This study is designed to assess the safety and tolerability of PTG-300 in HH subjects. Also to assess the effect of PTG-300 therapy on transferrin saturation (TSAT) and serum ferritin. Also to assess PTG-300’s efficacy for treating HH subjects as defined by incidence of phlebotomy and assess the effect of PTG-300 on quality of life (QoL)
Criteria:1.Male and female subjects aged 18 years or older.
2.Have a confirmed diagnosis of HFE-related hereditary hemochromatosis with prior genotype testing.
3.Documented stable phlebotomy for ≥6 months prior to screening; with a phlebotomy frequency of at least 0.25 per month (e.g., received at least three phlebotomies over the previous 12 months, or at least four phlebotomies over the previous 15 months) and a phlebotomy frequency of less than 1.0 per month.

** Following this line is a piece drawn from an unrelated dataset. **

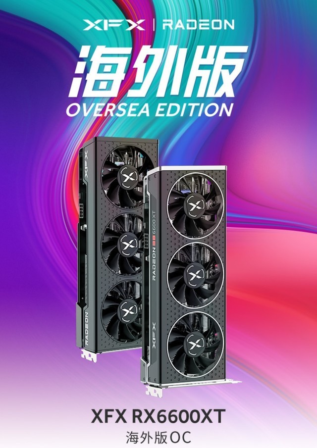 讯景XFX RX 6600 XT海外版V2提供了三风扇的大尺寸设计,散热效果看起来不错,主频也很高,算力表现应该非常受大家认可。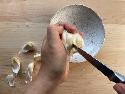 बऱ्याचदा आपण सालं काढण्याचा प्रयत्न करतो. पण खरी पकड मुळाशी असते. चाकूनं लसणाच्या मुळाकडचा भाग कापून टाका आणि मग साल ओढा. ज्यामुळे सालं सहज निघतील.

4.Screening hemoglobin >11.5 g/dL.
5.Documented evidence of prior serum ferritin ≥500 ng/mL.
6.Serum ferritin >50 ng/mL and <300 ng/mL at screening (before screening phlebotomy).
7.Women of childbearing potential (WOCBP) and men with partners of childbearing potential agree to use a highly effective contraceptive measure (based on the Clinical Trials Facilitation Group [CTFG]) during the duration of the study and for 28 days after the last dose of study drug in the case of women and 90 days after the last dose of study drug in the case of men.
8.Subject understands the study procedures, is willing and able to adhere to study requirements and agrees to participate in the study by giving written informed consent.